One analyst has what I think is a pretty insightful take on non-financial enrollment challenges faced by new entrants to the health plan markets:

“I think the problem with [insurers not doing business profitably on public exchanges] is that it takes time…for them to mature. It is the nature of the insurance business when there is a brand new insurance line, where people had no insurance previously. There needs to be a motivating factor to buy insurance,” which may come when people face more significant fines in 2016 for not having coverage.

— Vishnu Lekraj, securities analyst for Morningstar, Inc. in HealthPlan Week

For a thoughtful piece on just what it takes to start an innovative health insurance plan/company/business, read this.  A key takeaway is it is not just about financing…

What does this mean for you?

Health plans are evolving rapidly, painfully, and some successfully. It’s not pretty but it is necessary.


NWCDC – key takeaways

What was noticeable about this year’s NWCDC was what wasn’t.

That is, I didn’t hear or see much that was surprising or new or revelatory.  After a score of scheduled and many more unscheduled meetings, what emerged was an overall sense that the work comp industry is doing pretty well, the big takeaway being the status quo continues.
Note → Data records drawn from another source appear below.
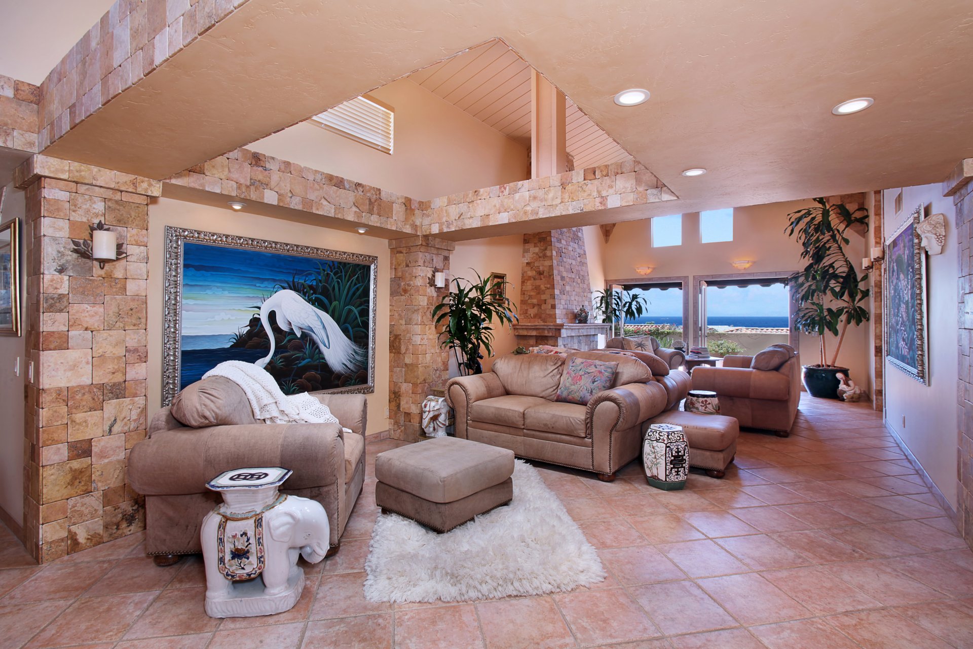 Gran sala de estar con pinturas en la pared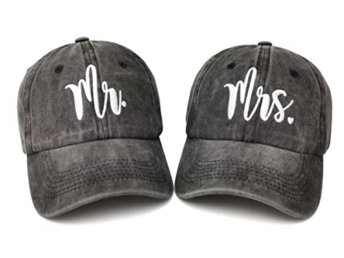 Hepandy Baseball Caps Embroidered for Men & Women, Set of 2 - Mr and Mrs - Washed Black Black, One size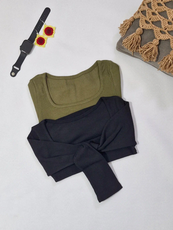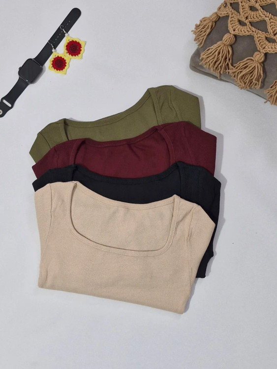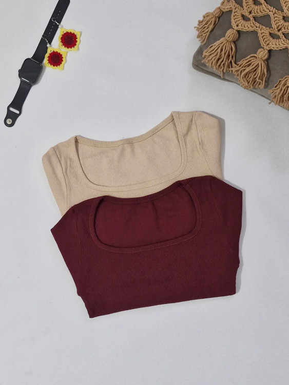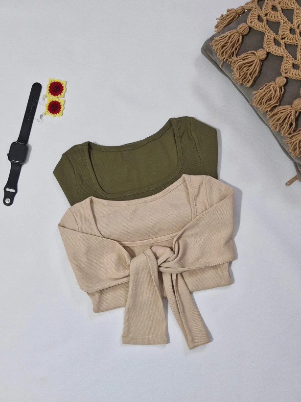 کراپ آستین بلند پاییزی یقه خشتی جنس فانریپ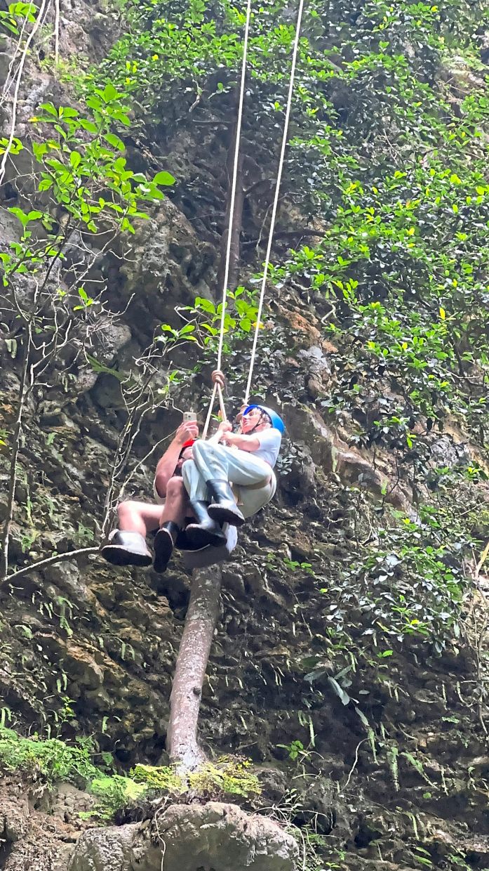 To enter the cave, you don’t hike. You descend – suspended by rope, body tilted back, legs dangling.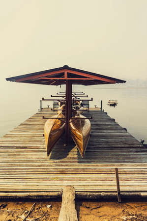 A small dock in a misty morning at Samprasob River,Sangkhlaburi,Thailand with vintage filter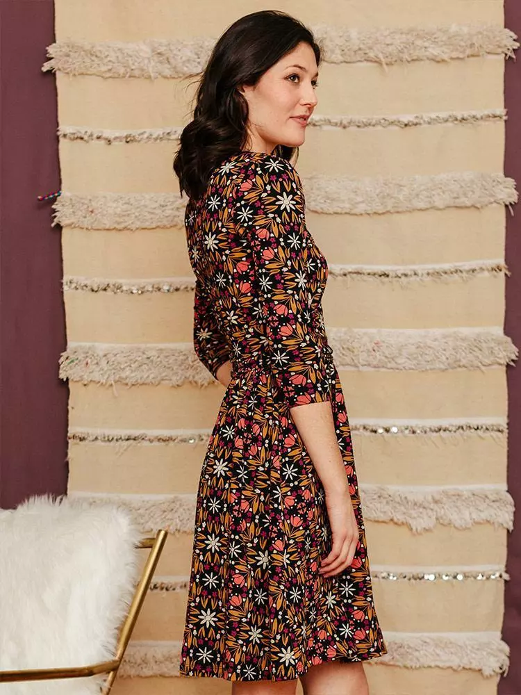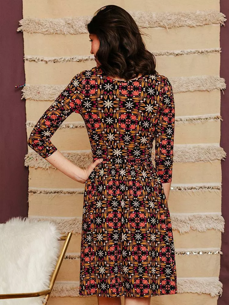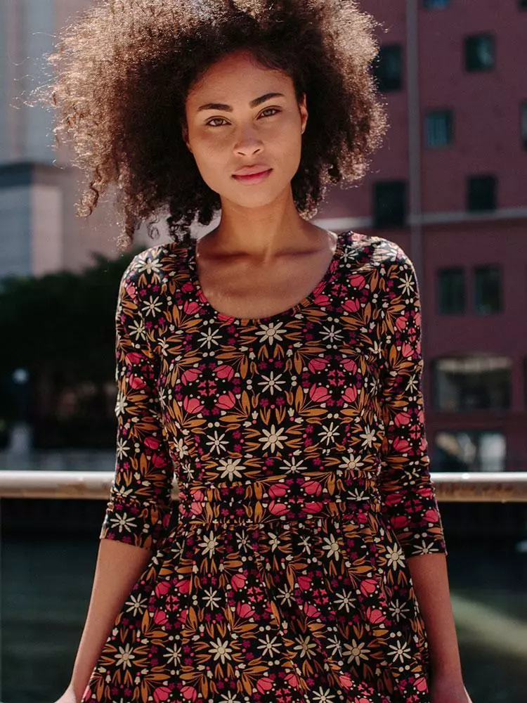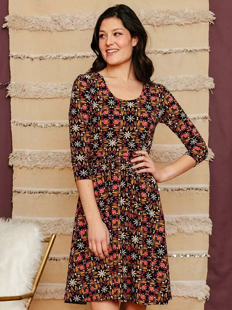 The retro floral print on this 3/4 sleeve organic cotton jersey dress says it all.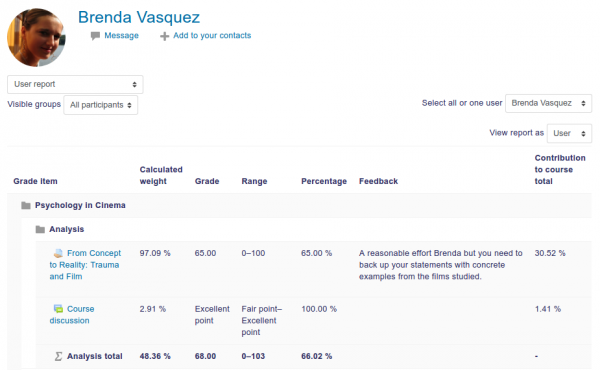 - Contribución al total del curso - una nueva columna que, si se habilita en las configuraciones de la calificación del curso, mostrará una columna de porcentajes, que indican cuanto contribuye cada ítem de calificación al total del curso del usuario (después de aplicarse la ponderación).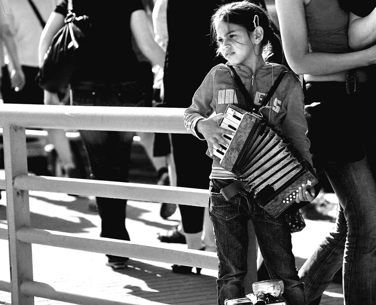 tada turėjo būt reportažas. manau - tokiai mergaitei geriau mokytis, ir rimtesnį instrumentą nupirkt, o ne žadint praeivių gailestį.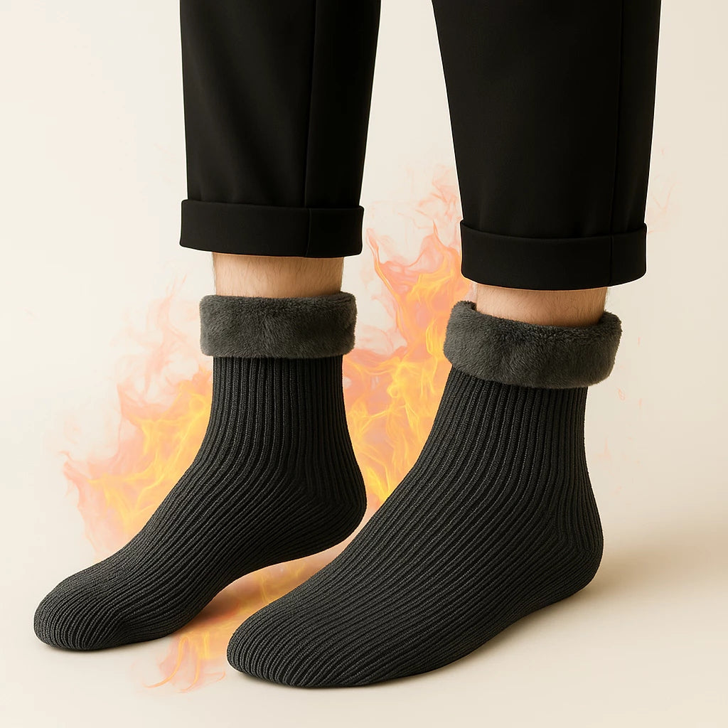 Cada meia é forrada com material flanelado interno, garantindo isolamento térmico eficiente.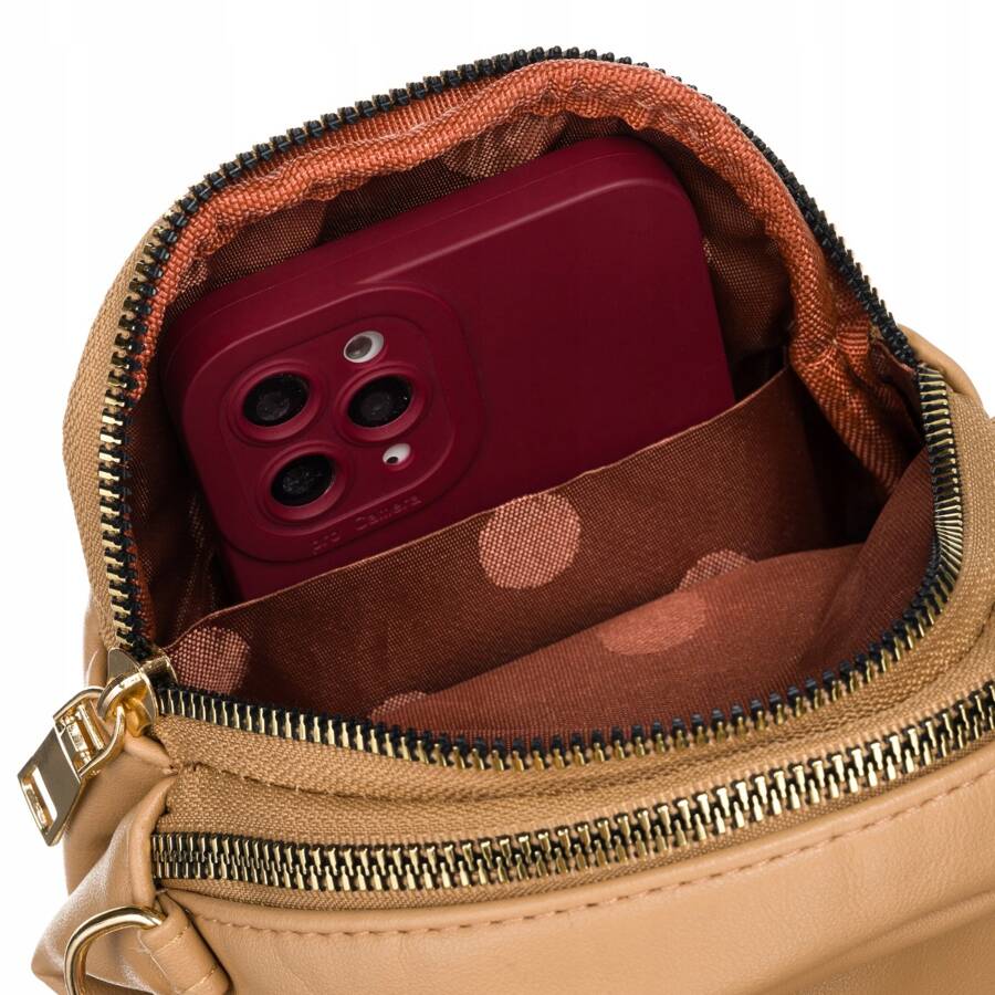 Mini torebka damska ze skóry ekologicznej w brązowym kolorze zawieszona na doczepianym pasku - Rovicky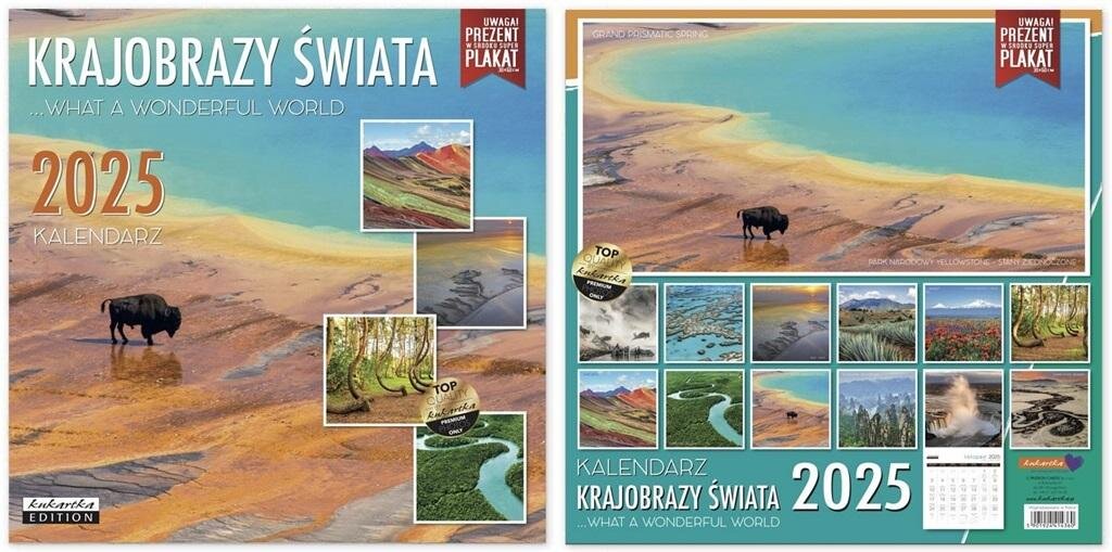 Kalendarz 2025 Krajobrazy Świata Kwadratowy kalendarz ścienny na rok 2025 z serii "Krajobrazy Świata". Każdy miesiąc cieszy pięknym zdjęciem, które będzie wspaniałą ozdobą Waszego domu. Kalendarz po rozłożeniu ma wymiary 30x60 cm - górny kwadrat wypełnia zdjęcie, a dolny kalendarium. PREZENT: w środku kalendarza znajdziecie plakat o wielkości 30x 60 cm! Specyfikacja: Wielkość: 30 x 30 cm (po rozłożeniu 30 x 60 cm) Gratis: plakat Styl: nowoczesny, klasyczny, zdjęciowy
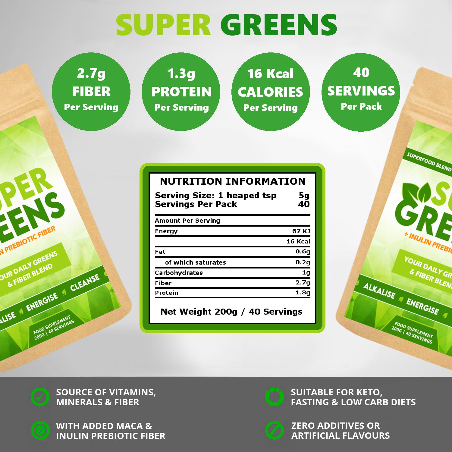 superfoods including Maca and Inulin Prebiotic Fiber. Made using only the highest quality ingredients, our Super Greens does not contain fillers, binders, preservatives or additives.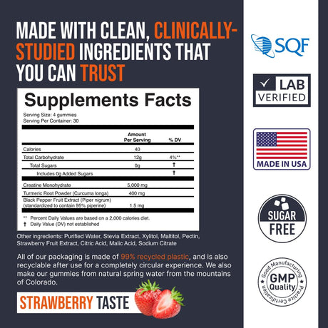 Most gummies contain 5g of creatine per serving, which is the standard effective dose for enhancing muscle strength and workout energy.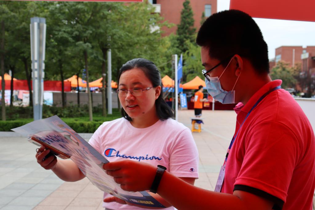团委老师为新生介绍校园环境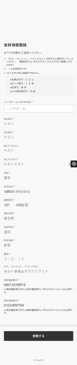 正しい住所が確認できたら(間違っている場合はこの画面で修正)「登録する」ボタンをクリック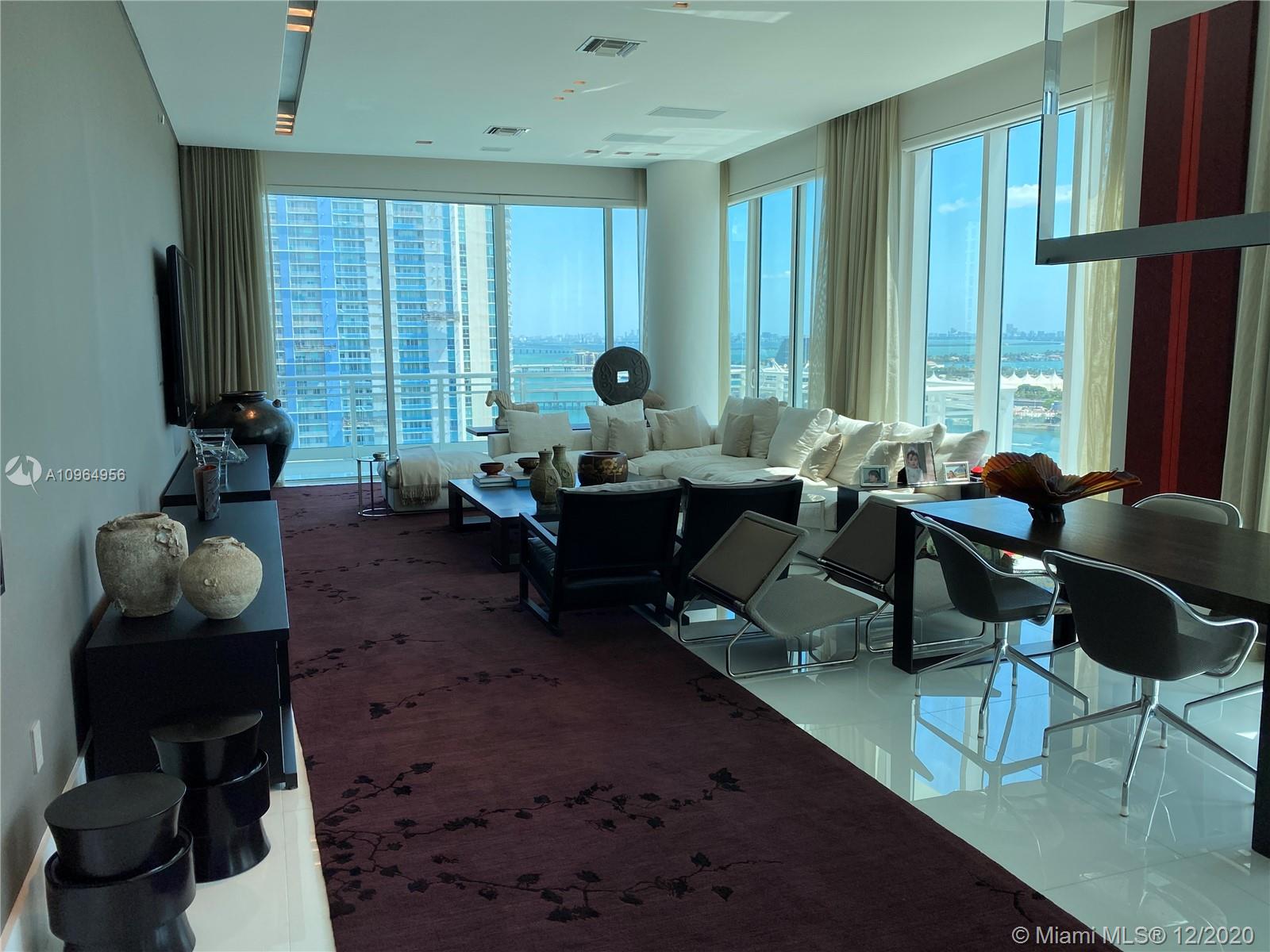 The #1 Most Exclusive & Luxurious Residence For Sale - A true 'MANSION IN THE SKY' in the heart of Brickell, yet on the exclusive Island of Brickell Key-"An Island within The City". This gorgeous residence features 4-bedrooms, 5-full & 1-half baths plus an office. Soaring 12ft ceilings, private elevator, stunning water & city views. Live the "Island Life" & walk to the hustle & bustle of Brickell: Shopping, Entertainment, Restaurants & The Brickell City Centre! 2 Premium Parking spaces + Valet & storage unit. Asia is Brickell Key's premier luxury building w/ all of the 5-star amenities. Unit was professionally done and decorated with over 1.5 million in improvements. unit rented until September 14, 2022

That needs some additional explanation. Today’s “status quo” is marked by:

  • consolidation both within and among industry verticals;
  • emergence of smaller, niche-specific service providers; and
  • continued interest on the part of investors.

Let’s take those on in order.

First, there’s no question consolidation continues.  In an industry with a structural decline in claims frequency, the rules of a mature industry are incontrovertible.

  • Scale and efficiency are critical to success.
  • Some service offerings/verticals are being commoditized.
  • Market share is hard to come by.
  • Service deficiencies lead to customers leaving, while
  • price is key to gaining other suppliers’ unhappy customers.
  • Vendors are broadening their services by acquiring “sub-vendors” (think TPAs acquiring medical management assets); and
  • Vendors are acquiring other vendors in the same market vertical (think Genex acquiring other case management firms).

Yet there are multiple examples of new competitors emerging, looking to take advantage of opportunities that arise because their much larger competitors are focussed on streamlining, efficiency, consistency, cost control.  While these tactics make sense in a mature market, they also create openings because customers don’t all want the same thing delivered the same way.

I’ll dig deeper into that tomorrow.

Finally,  investment professionals were evident on the floor and at sessions.  This year I encountered representatives from hedge funds in addition to the usual investment banking and private equity folks.

The investment interest seems to be concentrating in a couple areas – the really big and pretty small. On the “really big” end of things, the continued reports that UnitedHealthcare is going to invest in the WC PBM space, Examworks’ ongoing acquisition campaign, and Mitchell’s move into pharmacy management are all indicative of the trend.

While I haven’t seen much in the way of funding for small firms, it could well be there’s a good deal of activity I’m not aware of.  Certainly there’s a lot of interest among investors as they focused their time on the periphery of the exhibit show floor, looking for smaller companies with intriguing, potentially disruptive solutions and services.

Finally, I was somewhat surprised to hear about a good deal of innovation on a variety of fronts.  More on this later this week.

What does this mean for you?

Status quo does not mean static.  The industry continues to evolve, but there are potentially significant external factors that may well change where we are headed.